When it comes to her eight adorable grandkids, Hollywood icon Marie Osmond loves to “spoil them.” The Donny & Marie star tells Closer exclusively about spending time with her little ones and lending a hand when her daughters and daughter-in-law are “overwhelmed.”
“Like, I went in and helped her out for a couple days and just gave them a break so they could go away and have their anniversary and just to go in and to be able to help them out periodically,” the CMA winner says about watching her grandkids.
The Dancing with the Stars alum welcomed eight children throughout her career: Stephen, Rachael, Matthew, Jessica, Brandon, Brianna, Abigail and late son Michael. Being a mom is something Marie has taken pride in since welcoming her first child in 1983.
She explains, “I went home the other day, just here in L.A., I went over to visit my daughter. She has two little girls. And the two of them sat on the couch. She and her husband were talking, and I was playing with the kids, and I overheard them go, ‘Wow, isn’t it nice grandma’s here?’ We have some time together. And I thought it’s so great. It’s really fun.”
Marie says she is a “fun grandma” around her grandkids: Stephen, Rocket Jade, Christian, Maxwell, Maude, Wolf, Mabel and Olive.
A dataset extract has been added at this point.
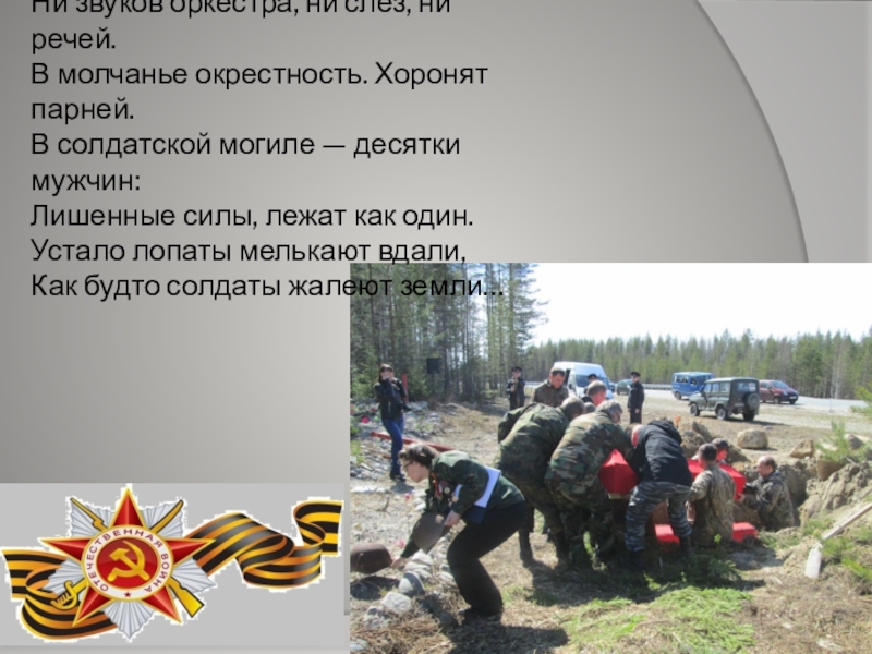 Слайд 11Ни звуков оркестра, ни слез, ни речей. В молчанье окрестность. Хоронят парней. В

In between her duties as a doting grandmother, the “Paper Roses” singer lost 50 pounds on Nutrisystem, which just launched a new premium program with restaurant favorites, new skillet options and a partner plan. Now, in incredible shape at 62, she’s focused on being the best grandmother possible for her growing family, which has been an eye-opening experience for her.
“It’s like getting your kids back on steroids. You know you get to do all the loving and none of the discipline. It’s really fun,” she explains about being a grandma.
Still, even after years of being in the entertainment industry and raising a family of her own, she continues to learn new things about herself.
“I was always the financial support of the family and with the last child leaving and everything …, every decade, you reevaluate yourself, especially as a woman,” she says. “What is it that I need to learn through this decade? What is it that, that I can become a better person or to grow? One of the things that I have said recently is I am not afraid to close the door. I think sometimes we are afraid to move from something that may be good in a job but not good for the environment and your physical happiness.”